1948: First Universal Declaration of Human Rights
1949: Slippery slope concept formulated in Leo Alexander's article in New England Journal of Medicine addressing medical science under dictatorships
1949: World Medical Association's "International Code of Medical Ethics"
1956: Willowbrook hepatitis experiments initiated
1959: Henry Beecher publishes article "Experimentation in Man"
1961: Civil Rights Movement grows in U.S.
1962: Kefauver-Harris amendments to the Federal Food, Drug and Costmetic Act. They include the requirement that subjects in drug trials conducted in the U.S. give full and free consent
1963: Terminally ill patients given live cancer cells without their consent at Jewish Chronic Disease Hospital
1963: Milgram "obedience to authority" studies show that people are willing to inflict pain on others
1963: American Psychological Association publishes ethical standards
1964: Declaration of Helsinki written by physicians at the World Medical Association offering recommendations for ethical conduct of experiments with humans
1965: Congressional bill providing for humane treatment of animals in the U.S.
1966: Henry Beecher publishes article "Ethics and Clinical Research" in The New England Journal of Medicine
1967: John Fletcher publishes "Human Experimentation: Ethics in the Consent Situation"
1968: Senator Walter Mondale hearings
1968: M.H. Pappworth publishes Human Guinea Pigs: Experimentation on Man
1969: Hastings Center founded
1970: Paul Ramsey: The Patient as Person
1970s: Joint Commission on Accreditation of Healthcare Organizations begins defining patients' rights and standards for organizational ethics at hospitals
1970: Kennedy Institute of Ethics founded at Georgetown University
1971: Zimbardo Mock Prison Experiment at Stanford University-psychological research
1972: Patients Bill of Rights
1972: Unethical syphilis study in Tuskegee exposed in Washington Star
1973: Kennedy hearings
1974: National Commission for the Protection of Human Subjects established in the U.S.
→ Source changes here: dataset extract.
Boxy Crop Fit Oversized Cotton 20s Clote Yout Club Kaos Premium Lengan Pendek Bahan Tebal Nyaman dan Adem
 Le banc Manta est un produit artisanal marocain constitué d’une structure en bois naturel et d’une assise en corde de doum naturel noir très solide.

1977: World Psychiatric Association adopts the Declaration of Hawaii, the first code of ethics designed specifically for psychiatrists
1977: World Psychiatric Association establishes a Review Committee to investigate cases of the abuse of psychiatry wherever they might occur
1978: Belmont Report outlines ethical principles for the protection of human subjects in research.
1981: Title 45, Code of Federal Regulations, Part 46: Protection of Human Subjects regulations for all DHHS supported research in the United States
1990: First human somatic cell gene therapy trial-gene therapy for Severe Combined Immune Deficiency
1993: Guidelines for inclusion of women and minorities as subjects in clinical research in the U.S.
1993: President's Advisory Committee on Human Radiation Experiments appointed
1995: U.S. National Bioethics Advisory Commission established (www.bioethics.gov)
1996: Publication of the Final Report of the President's Advisory Committee on Human Radiation Experiments
1997: President Clinton apologizes for Tuskegee experiments.